Shells, silicon & neighbourly atoms
What do shells, solar panels and DVDs have in common?
At the atomic scale they are ‘amorphous’, that is – unlike crystals – they are built from irregular arrangements of atoms.
As Andrew Goodwin of Oxford University’s Department of Chemistry explains this irregularity is important: it’s what allows shells to grow their curved edges and gives silicon its incredibly useful electronic properties.
But for scientists this irregularity also makes such materials tricky.
‘Our main technique for establishing what materials look like on the atomic scale is crystallography,’ Andrew tells me, ‘and this relies explicitly on the existence of a repeating arrangement of atoms in order to work. So the problem of studying amorphous materials with their seemingly-random arrangements of atoms has remained just that: a problem.’
Now, Andrew, and colleagues from Cambridge and Ohio, report in this week’s Physical Review Letters how tantalising crystallographic clues could offer a new approach to understanding amorphous materials.
‘For decades we’ve known that the ring-like patterns amorphous materials produce in crystallographic experiments contain limited information about the surrounding environment of each atom,’ Andrew comments, ‘but the big question has always been how to use this to create a coherent picture of the structure of a material.’
He explains that the new approach comes from the ‘neighbourly behaviour’ of atoms which means that similar atoms should experience a similar environment.
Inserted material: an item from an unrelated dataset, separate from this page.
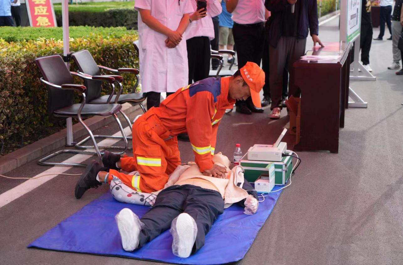 活动现场急救操作展示区,救护队员向大家演示如何正确进行人工呼吸和心脏复苏等专业急救技能,进行了苏生器实操展示,详细讲解了电动破拆工具组、红外热成像仪、人体搜寻仪等应急救援装备。
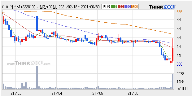 마이더스AI : 단기 낙폭 과대 및 마리화나 시장 성장 가능성에 강세 추정.

‘The spacing of the rings in the 'ring-like pattern' is related to the distances between atoms in the material, and the intensity of the rings is essentially related to how many neighbours each atom has,’ Andrew tells me.
‘So, using silicon as an example, a typical analysis of its corresponding crystallographic pattern would have told us that the distance between silicon atoms is about 235 trillionths of a metre [picometres], and that on average each silicon atom has four neighbours.’
Yet this information alone isn’t enough to build reliable models of what the atomic structure of a material such as silicon actually looks like.
Such models fail because they rely on the average ‘neighbourly behaviour’ of the atoms which means in these models some silicon atoms can have three neighbours if others have five – something other techniques such as spectroscopy show is incorrect.
The new insight relates to the fact that such experiments are sensitive to the number of neighbours each atom has, so an atom with three neighbours would appear as a different ‘type’ of atom to one with five neighbours.
‘Because there is only one ‘type’ of atom observed for silicon we know that not only is the average number of neighbours equal to four, but that each silicon atom must have exactly four neighbours,’ Andrew adds.
‘If we incorporate this extra information when building a model, the answer seems to fall out almost straight away. We simply tell our program how many different types of atom there are, and in what proportions, and this is enough to produce a realistic model from the ring-like patterns.’
The findings suggest that crystallography might, after all, be able to unlock the structural secrets of some of Nature’s most irregular materials: opening the way for new kinds of science and powerful new technologies.
Dr Andrew Goodwin is based at Oxford University's Department of Chemistry.
Image: Ring-like pattern observed using crystallographic techniques, in this example silicon has been used.